-------- EXERCISE INPUTS --------

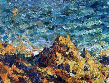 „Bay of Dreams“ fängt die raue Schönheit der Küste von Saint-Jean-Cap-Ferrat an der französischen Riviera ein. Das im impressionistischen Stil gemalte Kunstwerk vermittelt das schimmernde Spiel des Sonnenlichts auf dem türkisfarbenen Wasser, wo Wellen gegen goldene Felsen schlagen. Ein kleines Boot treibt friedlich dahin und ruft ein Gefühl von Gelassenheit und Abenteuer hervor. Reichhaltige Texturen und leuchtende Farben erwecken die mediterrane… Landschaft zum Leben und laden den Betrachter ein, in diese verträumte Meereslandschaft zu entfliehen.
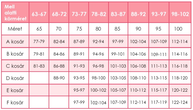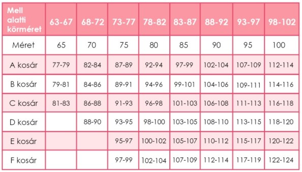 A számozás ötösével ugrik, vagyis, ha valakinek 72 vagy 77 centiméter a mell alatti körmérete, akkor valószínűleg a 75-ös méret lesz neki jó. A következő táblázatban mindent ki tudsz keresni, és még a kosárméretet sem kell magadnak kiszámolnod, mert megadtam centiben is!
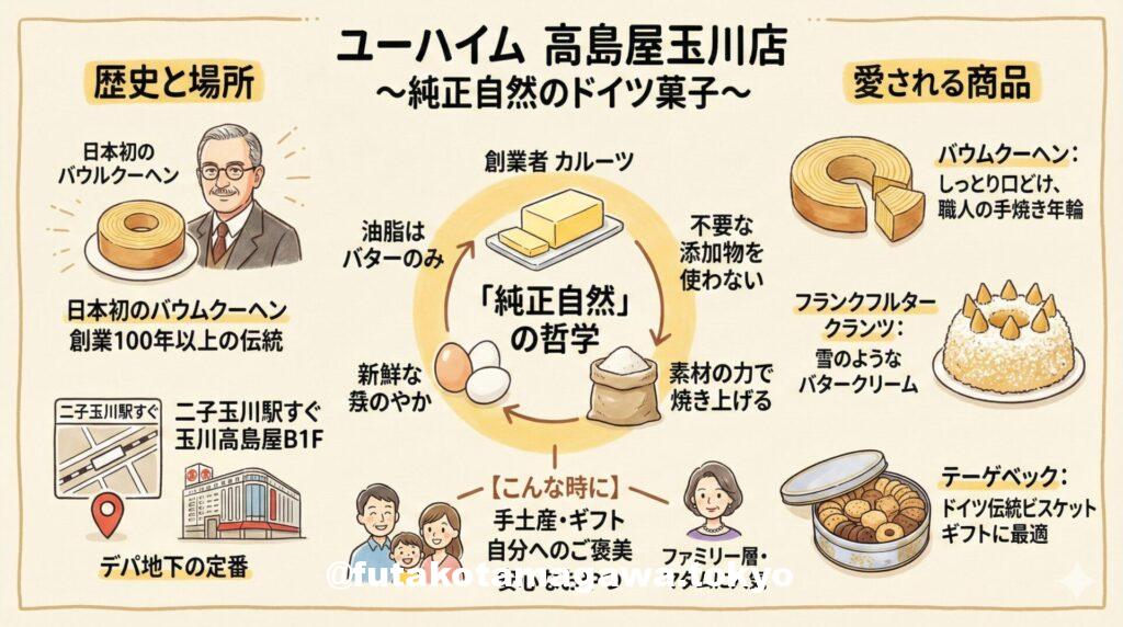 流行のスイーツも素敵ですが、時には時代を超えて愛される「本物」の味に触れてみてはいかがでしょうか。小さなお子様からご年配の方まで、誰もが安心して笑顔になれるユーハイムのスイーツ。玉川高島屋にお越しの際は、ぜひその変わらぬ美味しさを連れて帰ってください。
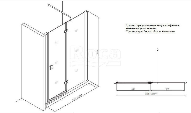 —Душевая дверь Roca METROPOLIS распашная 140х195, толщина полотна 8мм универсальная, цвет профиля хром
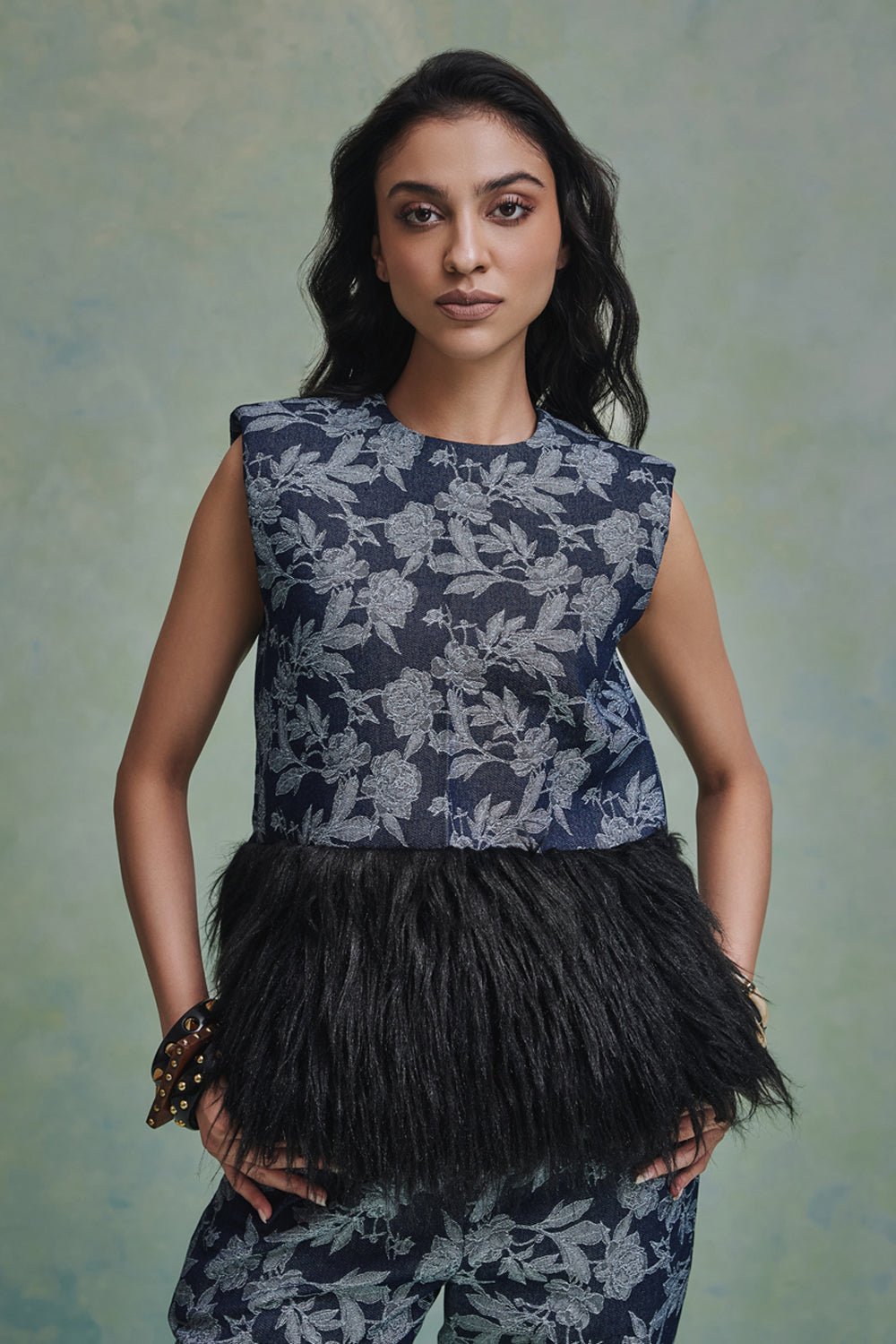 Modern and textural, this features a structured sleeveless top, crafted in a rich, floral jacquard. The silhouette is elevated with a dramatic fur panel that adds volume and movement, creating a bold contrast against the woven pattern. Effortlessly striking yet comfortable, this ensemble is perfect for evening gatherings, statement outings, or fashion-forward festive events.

--------

Transcribe exactly the span of lines that opens with the line holding "A számozás ötösével" and closes with the last line of the entries above. Omit pictures.

> [RESULT OF THE EXERCISE]
 A számozás ötösével ugrik, vagyis, ha valakinek 72 vagy 77 centiméter a mell alatti körmérete, akkor valószínűleg a 75-ös méret lesz neki jó. A következő táblázatban mindent ki tudsz keresni, és még a kosárméretet sem kell magadnak kiszámolnod, mert megadtam centiben is!
 流行のスイーツも素敵ですが、時には時代を超えて愛される「本物」の味に触れてみてはいかがでしょうか。小さなお子様からご年配の方まで、誰もが安心して笑顔になれるユーハイムのスイーツ。玉川高島屋にお越しの際は、ぜひその変わらぬ美味しさを連れて帰ってください。
 —Душевая дверь Roca METROPOLIS распашная 140х195, толщина полотна 8мм универсальная, цвет профиля хром
 Modern and textural, this features a structured sleeveless top, crafted in a rich, floral jacquard. The silhouette is elevated with a dramatic fur panel that adds volume and movement, creating a bold contrast against the woven pattern. Effortlessly striking yet comfortable, this ensemble is perfect for evening gatherings, statement outings, or fashion-forward festive events.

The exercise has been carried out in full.